America remains dangerously unprepared to prevent and respond to a catastrophic terrorist attack on U.S. soil. That was the unanimous conclusion of a blue-ribbon panel I directed one year after 9/11. Among those who signed off on this sober warning were the panel's chairmen, former Sens. Gary Hart and Warren Rudman; two former secretaries of state; two former chairmen of the Joint Chiefs of Staff; a former director of the CIA and FBI, and three Nobel laureates. Now we have an equally impressive group of Americans in the form of the 9/11 commission arriving at the same judgment. But after watching our government in action last week, you don't need to be a senior statesman or a Nobel Prize winner to realize that we have a long way to go to secure our homeland.

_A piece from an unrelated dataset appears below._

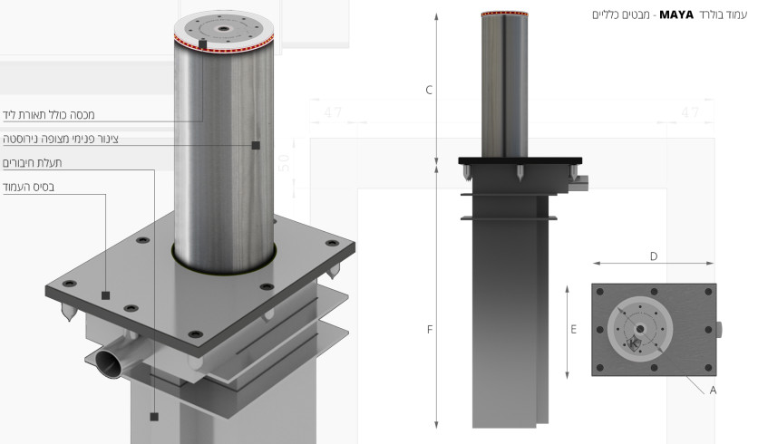 עמוד בולרד MAYA מיוצר לפי סטנדרטים בין לאומיים ומשלב בתוכו מראה אסתטי מודרני עם חוזק ואמינות העבודה ללא הגבלה במספר פתיחות . עמודי בולרד MAYA באים בשני גבהים : 700 ו – 1000 מ”מ בעלי כושר נגיפה : K-4, K-8, K-12 .ניתן לכוונן מהירות עליה וירידה כאשר המהירות המקסימלית לעליה וירידה היא 1.5 שניות .

When it comes to investing in prudent measures to protect the softest targets such as our seaports, electrical grid and chemical industry, we have largely squandered the past three years. This bipartisan state of neglect is not a result of a conscious decision to leave the nation exposed. Instead, it stems from a misplaced faith in our military and intelligence capabilities. Washington has been treating the war on terrorism like the other wars we fought and won during the last century - as an "away game," so to speak. Last May in a speech to a class of newly commissioned Coast Guard officers, Vice President Dick Cheney put it this way: "Wars are not won on the defensive. To fully and finally remove this danger (of terrorism), we have only one option - and that's to take the fight to the enemy."
This "over there" approach has translated into virtually all of America's counterterrorism eggs being placed in the offense basket. Consider that Washington is spending more every three days on the war in Iraq than the federal government has invested in the past three years to secure the nation's 361 seaports, including Port Elizabeth and Port Newark.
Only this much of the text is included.